Obama expects unemployment to remain high until 2020
White House expects on an unemployment rate higher than 5.2% up to 2020. The United States should create more jobs over this period than it expects to lose. This Thursday the White House indicated the maintenance of a raised unemployment rate, not expected to go under 5.2% from here to 2020.
“For 2010, we envisage an average growth of 95,000 positions per month”, declared Christina Romer, chief of the Council of the Economic adviser to the US president Barack Obama, ensuring that the trend was going to become again “positive from the spring”.
Mrs. Romer made these remarks at the time of the publication of the Economic Report, a document of more than 450 pages detailing the economic policy followed by the government since January 2009 and her priorities as regard to actions to come in the future.
It has been announced in the draft budget for 2010-2011 published at the beginning of February by the White House, that the government envisages an average unemployment rate of 10.0% into 2010 which should decrease then, but reach 8.2% in 2012, before going down gradually to 5.2% in 2018, a level to which it should stagnate until 2020, the last year covered by the report.

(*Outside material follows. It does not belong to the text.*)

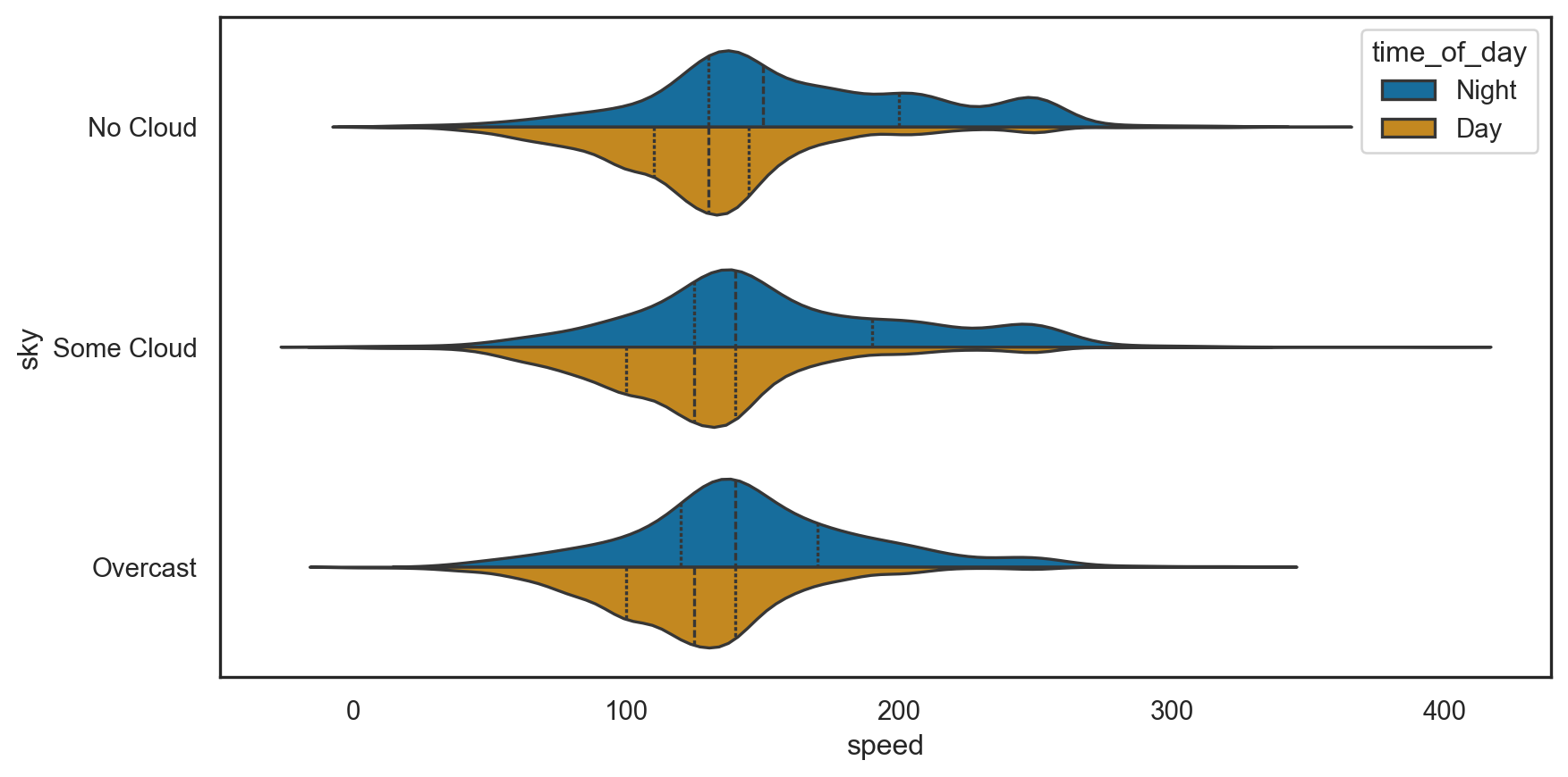 sns.set_style("white")sns.violinplot(data = birds_filt, x ="speed", y ="sky", hue ="time_of_day", palette ="colorblind", inner ="quart", split =True)plt.show()

In comparison, the unemployment rate in the United States was at around 4.6% in 2006, before the great recession, and around 4.0% in 2000 at the time of the explosion of the Internet bubble. Noting that the economic situation improved “in a spectacular way” compared to the beginning of 2009, where the American GDP was in freefall, the report allots this reversal inter alia to the revival program of 787 billion dollars promulgated in February, affirming that this one was the proof of its utility.
There are many challenges to the economic revival of the United States. However, I strongly believe that education, in the form of adult education will be key part of the reconstruction of the economy. In the UK, there has been a huge increase in adult education ranging from business management diplomas to basic IT training to help the unemployed or those seeking a career change go forward in the emerging economy.